Regularity of solution maps of the generalized surface quasi-geostrophic equations

TL;DR

This paper investigates the regularity of solution maps for generalized surface quasi-geostrophic equations, revealing a dichotomy: Lagrangian maps are real analytic and well-posed, while Eulerian maps lack local uniform continuity.

Contribution

It proves the real analyticity of Lagrangian solution maps and demonstrates the discontinuity of Eulerian maps, sharpening previous results and highlighting differences between formulations.

Findings

Lagrangian maps are real analytic and locally well-posed.

Eulerian maps are nowhere locally uniformly continuous.

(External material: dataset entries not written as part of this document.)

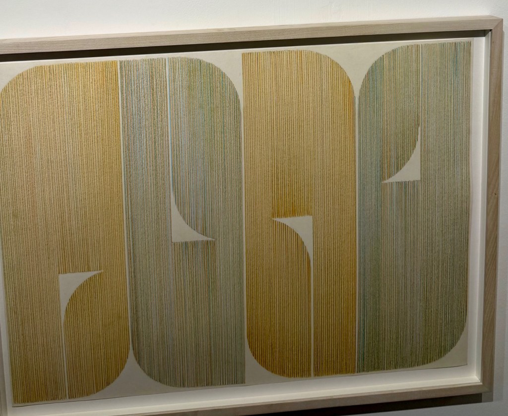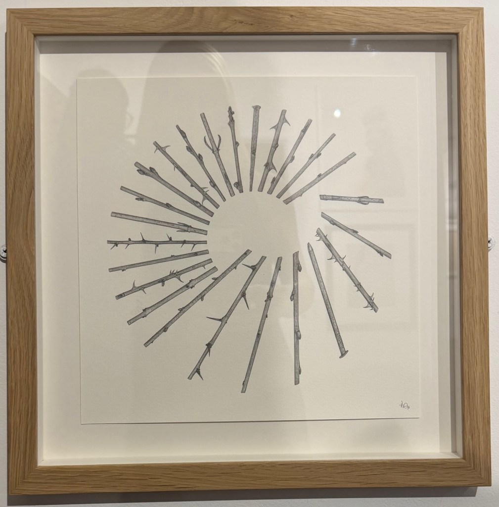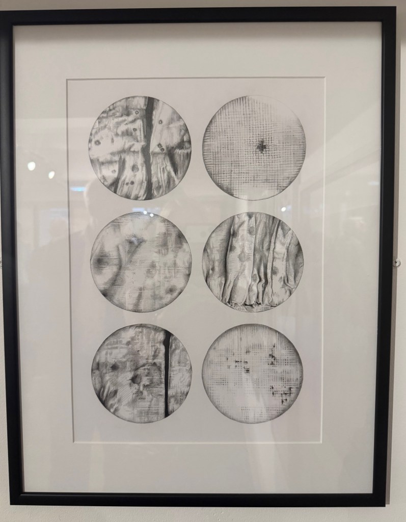 This piece draws me in because it resembles something that I would make myself. The circular form, repeated shapes, and simple monochrome style all echo elements of my own work. Where most of the pieces in the show were dense with multiple techniques, the simplicity of this one captured my attention.
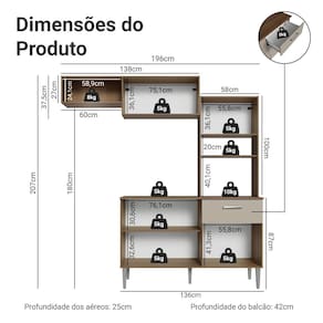 - 25 cm de profundidade nos aéreos e 42 cm nos balcões
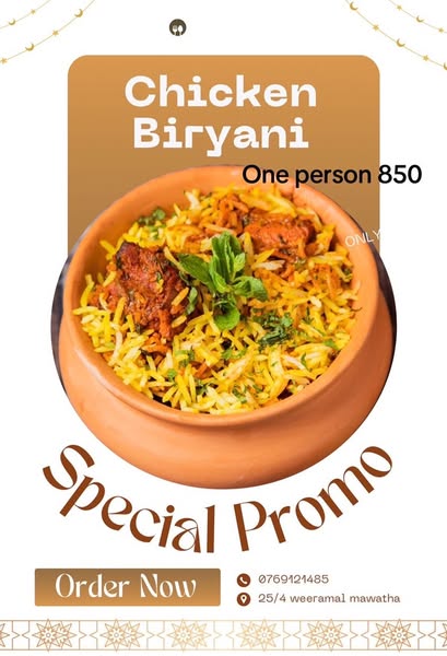 搜索关键词 chicken biryani, pereras kitchen, srilanka eats, biryani promo, food delivery, clay pot biryani, biryani lovers, srilankan food, sri lanka cuisine, tasty biryani优势 Authentic taste,Served in clay pot,Special promo price,Available in different sizes
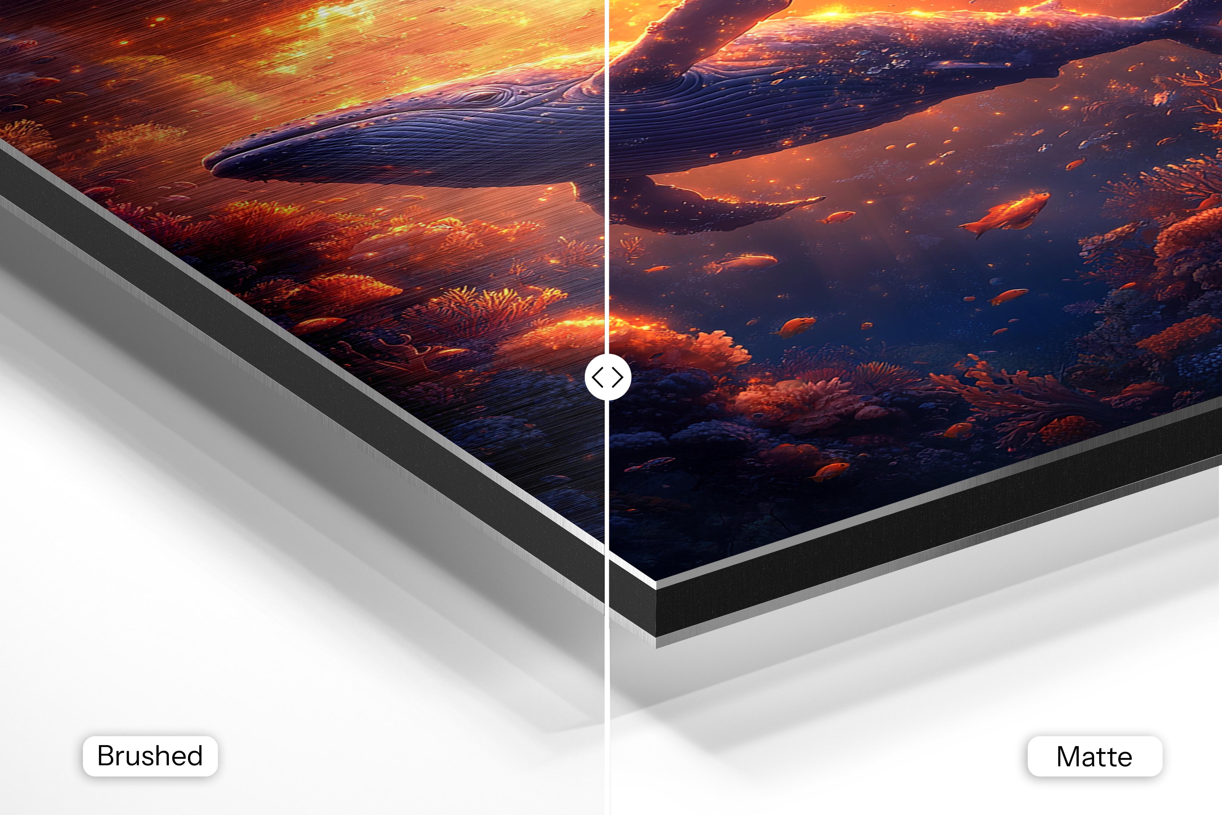 - Brushed Aluminum, on the other hand, features a raw metallic texture with visible brush strokes. Whites and highlights in your image let the silver surface show through, adding a dramatic, shimmering effect. Ideal for black-and-white images, minimalist designs, or abstract art, it creates a bold, industrial vibe with a modern edge.
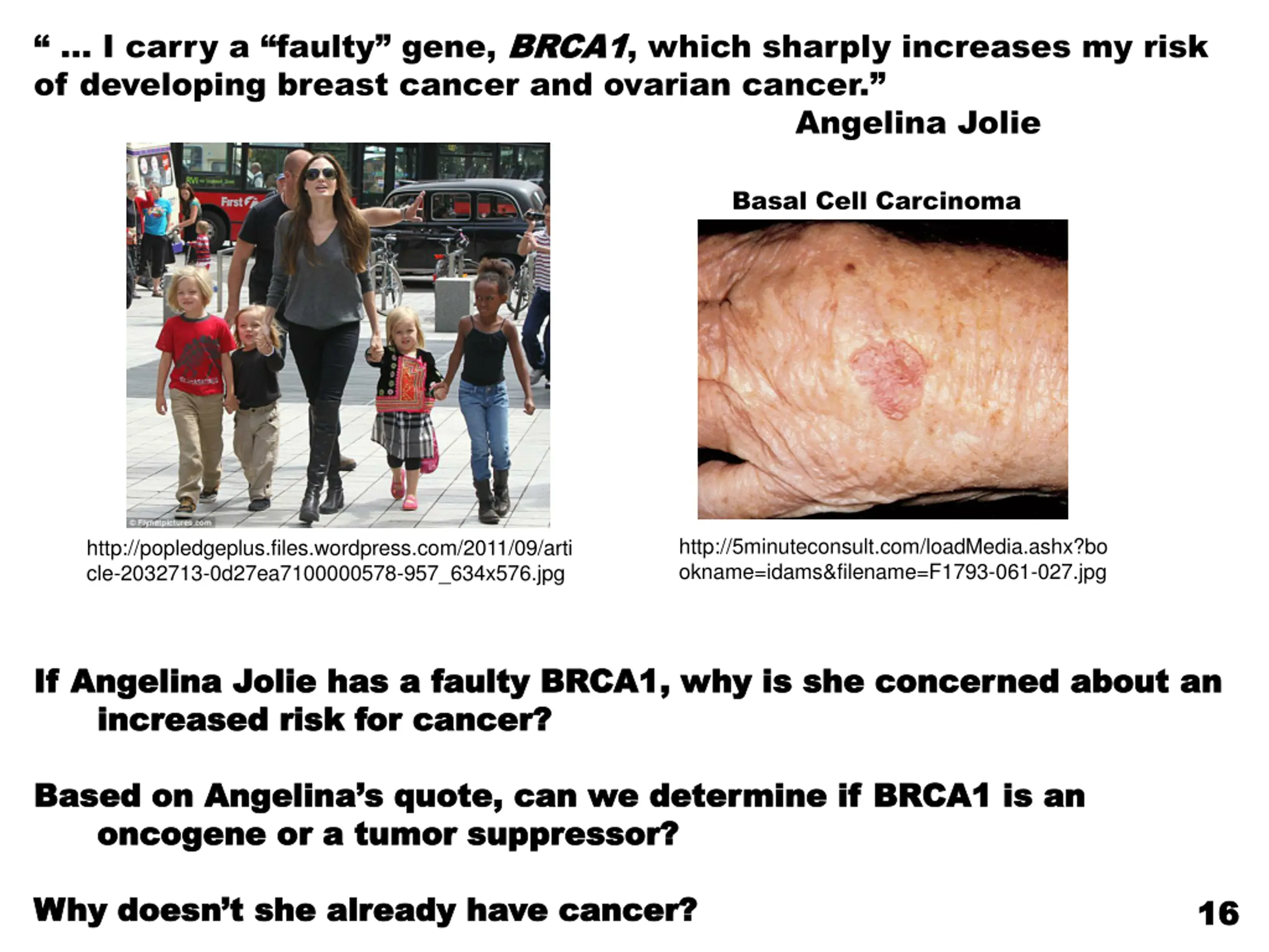 I carry a faulty gene, BRCA1 of developing breast cancer and ovarian cancer. BRCA1, which sharply increases my risk Angelina Jolie Basal Cell Carcinoma http://5minuteconsult.com/loadMedia.ashx?bo okname=idams&filename=F1793-061-027.jpg http://popledgeplus.files.wordpress.com/2011/09/arti cle-2032713-0d27ea7100000578-957_634x576.jpg If Angelina Jolie has a faulty BRCA1, why is she concerned about an If Angelina Jolie has a faulty BRCA1, why is she concerned about an increased risk for cancer? increased risk for cancer? Based on Angelina s quote, can we determine if BRCA1 is an Based on Angelina s quote, can we determine if BRCA1 is an oncogene or a tumor suppressor? oncogene or a tumor suppressor? Why doesn t she already have cancer? Why doesn t she already have cancer? 16 16
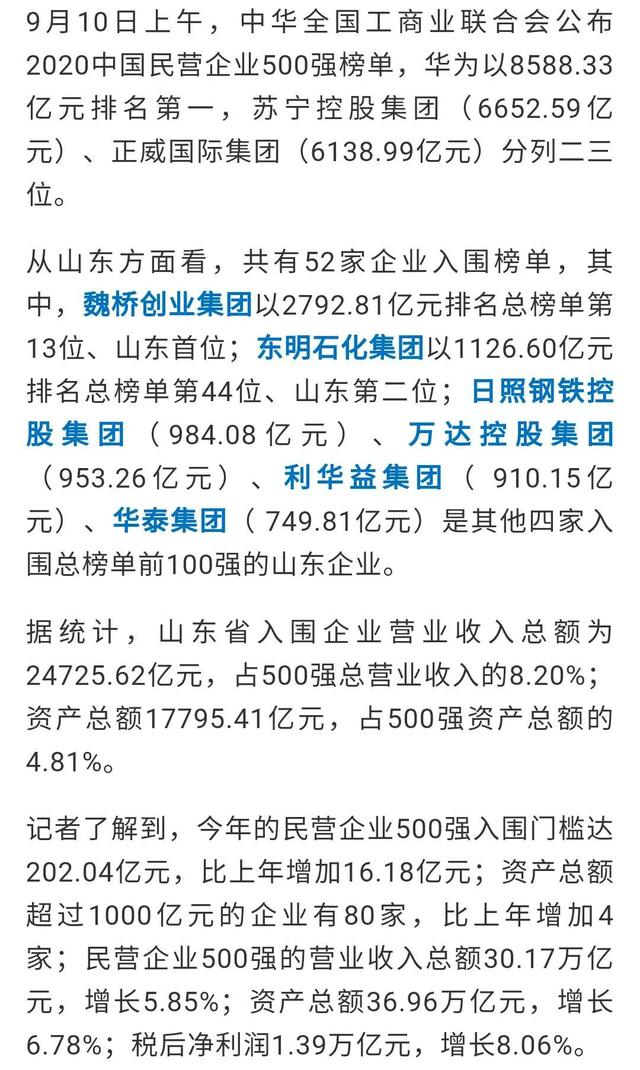 中国民营企业500强!临沂这3家企业入围!
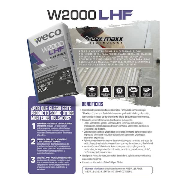 W-2000 LHF 50 lb. White Flooring Powder Mortar for Interior/Exterior Floor and Wall Tile and Stone
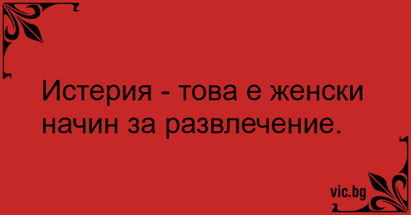 Истерия - това е женски начин за развлечение.
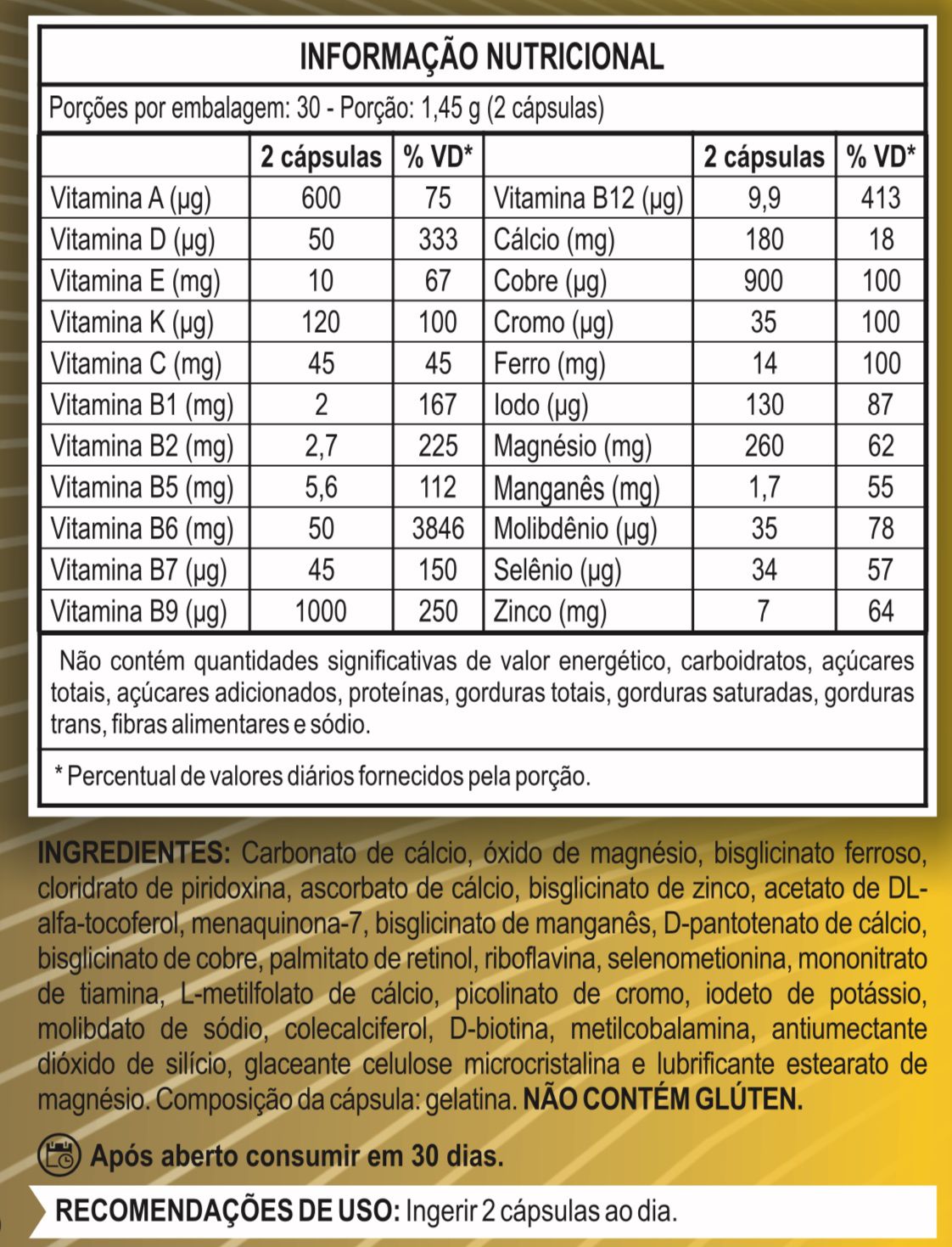 Um mix de vitaminas e minerais que complementa a nutrição, fortalece a imunidade e auxilia no bom funcionamento do metabolismo. Ideal para quem precisa repor nutrientes ou busca uma rotina mais saudável.
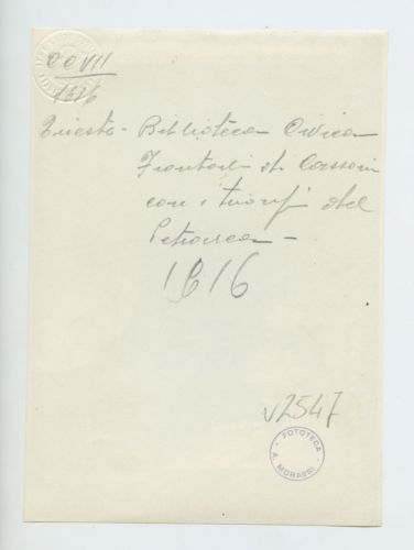 - ISCRIZIONI supporto primario: verso: a sinistra - Trieste - Biblioteca Civica/ Frontali di Cassoni/ con i trionfi del/ Petrarca - a matita -
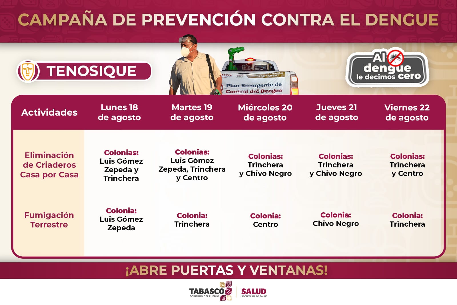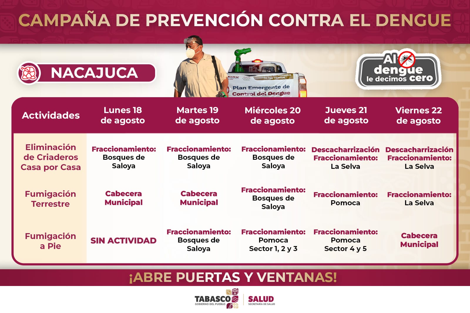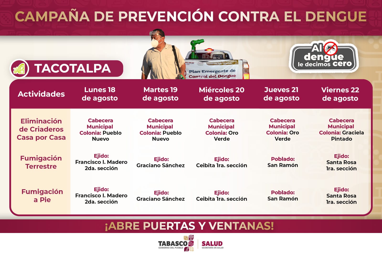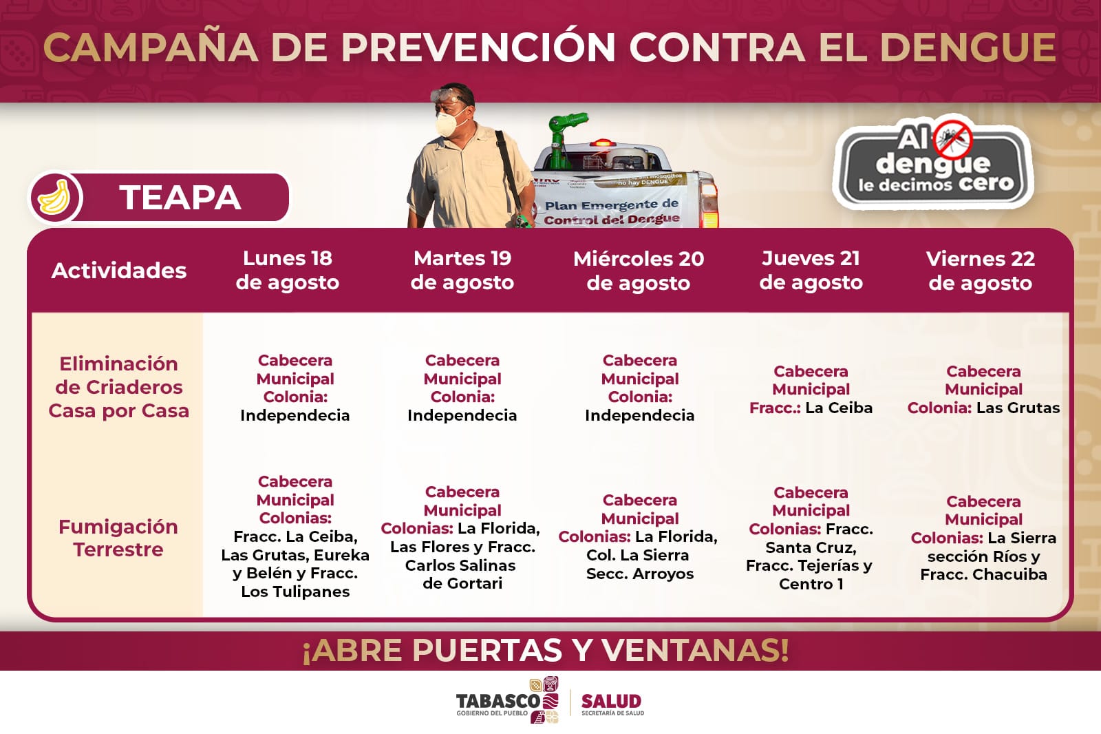 La Secretaría de Salud informa a la población tabasqueña que del 18 al 22 de Agosto, se continuarán los operativos de fumigación terrestre y eliminación de criaderos de mosquitos casa por casa en los 17 municipios del Estado.
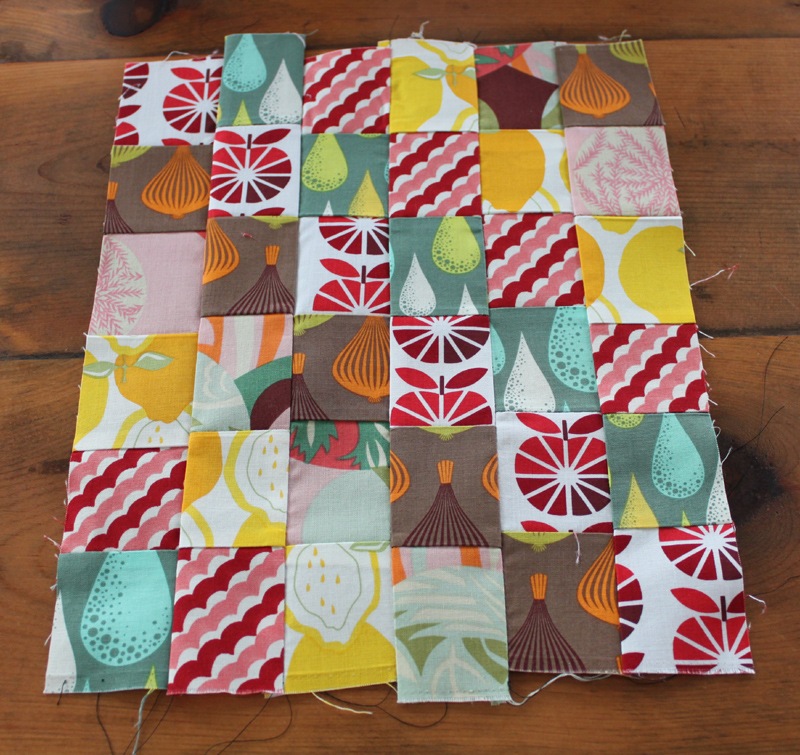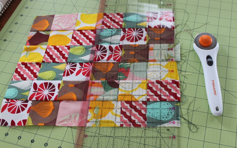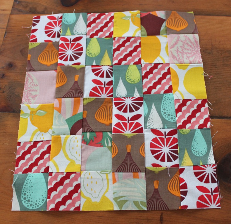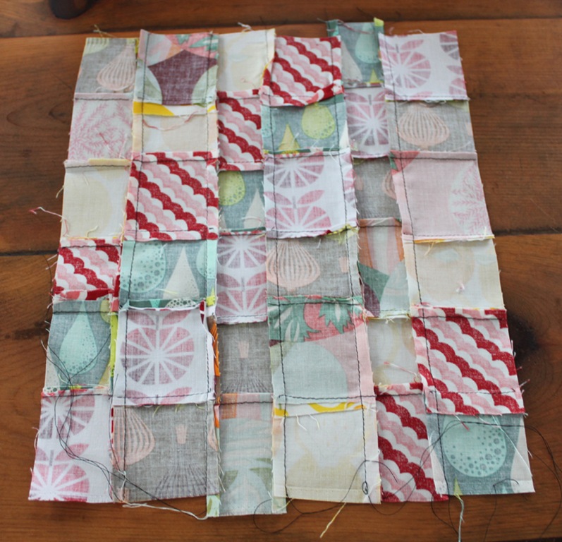 You will then have a pretty block of scrappy squares! Flip it over and iron the seams down again.

Eulerian maps fail to be continuous in standard H"older topologies.

Abstract

We study regularity properties of the data-to-solution maps of the family of generalized surface quasi-geostrophic equations which includes both the 2D incompressible Euler and the standard surface quasi-geostrophic equations. We prove that the Lagrangian solution maps, interpreted as Riemannian exponential maps on the group of exact Sobolev class diffeomorphisms, are real analytic and, consequently, the Cauchy problems are locally well-posed in the sense of Hadamard. On the other hand, we also show that the corresponding Eulerian solution maps are nowhere locally uniformly continuous on bounded subsets in the Sobolev topology and fail to be continuous in the standard (large-) H\"older topologies. These results sharpen earlier theorems and further highlight the striking dichotomy between regularity properties of the solution maps in the Lagrangian and Eulerian formulations.